Geçtiğimiz salı günü yerel bir kanalda izledim sizi.

Tokat esnafından söz ediyordunuz. Tokat’ta esnafın sıkıntılarından söz ediyordunuz. Ve de esnafına sahip çıkmadığı için Tokat’lıya sitem ediyordunuz.

Sevgili Mehmet Bekçi kardeşim

Büyük mağazalar zincirinin ve büyük marketlerin ülke çapında yayılması küçük esnafı elbette ki etkiler bu küçük esnafın yok oluşuna doğru bir gidiştir.

Tokat’taki marketlerin büyük çoğunluğu başka illerin sermayesi. Başka illerden gelenler açıyor bu ticaret merkezlerini.

Siz diyorsunuzki bunlara ilgi duyarak kendi esnafımızı unutmayacağız, onun sıkıntılarına ortak olmalıyız diyorsunuz.

Siz bir kuruluş olarak esnafınızı çok iyi tanırsınız. Sahi, üyelerinizden yüzde kaçı esnaf sevgili Bekçi?

Gerçek esnaf müşterisini “veli nimet” görür, bir uğrayanın ikinci kez gelmesi için gerekeni yapar, güler yüz tatlı dil ve de en önemlisi güven vererek müşterisini uğurlar.

Bana söyler misiniz bu özellik esnafınızın kaç tanesinde var?

Esnaf komşusuna yanına yöresine saygılı olmalıdır.

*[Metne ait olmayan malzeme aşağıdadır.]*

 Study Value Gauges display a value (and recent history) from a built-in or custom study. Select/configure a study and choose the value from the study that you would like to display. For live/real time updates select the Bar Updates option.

Bekçi kardeşim, dükkândaki malı sabah kaldırıma boşaltan asfaltı sandık sepet ile dolduran, yayaların kullanımı için yapılan kaldırımlardan geçişi imkansız hale getirenler midir senin esnafın?

Dükkan önüne kaldırımlara tel roleleri yığıp oradan geçen bir kadının manto eteğinin tele takılıp asfalta yuvarlanmasına bakarak “ önüne baksana be kadın” diyecek kadar “öcbe” olan adam mıdır senin esnafın?

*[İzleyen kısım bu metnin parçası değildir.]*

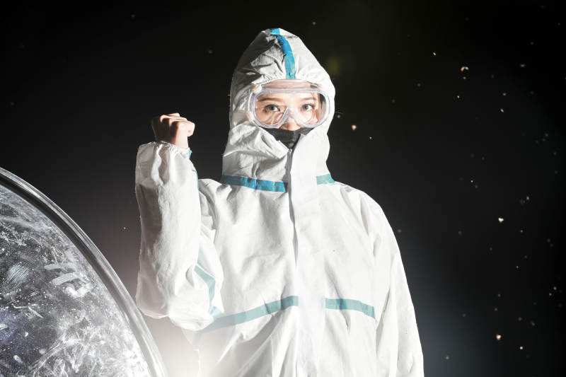 穿白色防護服佩戴護目鏡口罩的女性醫療人員

Sobasının atık küllerini bir poşete koyup çöp dökülecek yere bırakmayıp yanındaki boş arsaya öbekleyip rüzgarda mahalle balkonlarına savurtturan mıdır senin esnafın?

Pazar günleri bile dükkanının önündeki asfalta araba lastiği dizeleyen asfalt kabzımalcılığı yapanlar mıdır senin esnafın?

Siz hiç pazar yerine gittiniz mi?

Tezgahtaki mala elinizi uzatamazsınız satıcı verir size sebzeyi meyveyi. Nasıl? sekiz sağlam dokuz çürük. İtiraz ederseniz alacağınız malın ağırlığını dörde katlayan hakaret yersiniz.

Hangi birini söyleyeyim ben size. Bunları siz bilmiyor musunuz Mehmet bekçi kardeşim?

Tokatlı esnafın büyümesi bana da gurur verir. İhtiyacımı onlardan karşılamayı, paramın onlara gitmesini elbette canı gönülden isterim. Ama o da bunu hak edecek.

Eğer bu güne kadar gezmemişseniz ( ki mümkün değil gezmişsinizdir) ara sokaklardaki çarşıları bir gezin kaldırımlar depo,asfaltlar kendilerine ait yasak levhaları ile doludur.

Benim kaldırımımı, benim asfaltımı işgal ederek benim haklarıma tecavüz eden adam benim esnafım olamaz. Eğer sizin olursa başınız pınar ayağınız göl olsun.

Şu söylediklerimi başka yerlerden de mutlak duymuşsunuzdur bu konuda bir girişiminiz oldu mu? Sevgili Mehmet Bekçi kardeşim. Eğer olduysa ve aldığınız sonuç buysa hiçte iyi bir sonuç değil.

Esnafımıza yardımcı olalım ancak esnafımız esnaflık yapsın hakkının ötesine taşmasın vatandaşın hakklarını kendine bıraksın.

Bu söylediklerim elbette ki tüm esnaf için değil adam gibi esnaflığını yapanlarda bir hayli var onlara da saygı duyuyorum.